O livro de Lobo Antunes é repleto de seres
famintos e aflitos. Personagens cujas existências parecem pautadas no ritmo da “aflição
de pedras que respiram”. As falas estilhaçadas e os nacos de imagens desta guerra africana
alimentam uma linguagem fragmentada de diferentes tons. Dela,
ecoa a dicção nobre - herdada da literatura do século XIX-, assim como uma boa
taxa de oralidade contemporânea. Essa oralidade é bastante sedutora para o
ouvido de quem lê expressões do tipo “percebe”, “sabe como é’, “escute”, “já
reparou”... A sedução lingüística é motivada pela diferença, e tem o outro como parâmetro.
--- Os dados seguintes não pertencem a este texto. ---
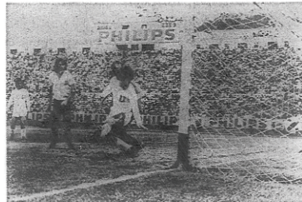
Aucas empató el partido y sus hinchas estremecen el estadio "Atahualpa" con sus gritos de alegría.

QUITO, 25.— (Alfredo Rodríguez Coli).— Liga Deportiva Universitaria, empatando con Aucas tres a tres, se coronó bi — campeón del fútbol ecuatoriano, acumulando trece puntos y logrando una ventaja insuperable por parte del equipo de participantes en la Liga, esto es, Barcelona, Deportivo Cuenca, Aucas y Universidad Católica.

Ela parece, a sedução, típica
de um narrador que assume estar “a fim de se escutar a
si próprio nos ouvidos dos outros”.
Neste romance-testemunho, o leitor é bastante convocado. Ele transita
literalmente nos "cenários em ruínas" da guerra. Adentra suas derivas
sem luz. O leitor transita pelos desvios e deslocamentos de uma narrativa
atravessada – toda ela – por dois “ingredientes” explosivos: a poesia e
a violência. Antunes escreve uma narrativa bélica de busca. Nela, o amor e a guerra, o grotesco e o sublime, a memória e o testemunho ajudam a ler o que lateja na prosa do mundo.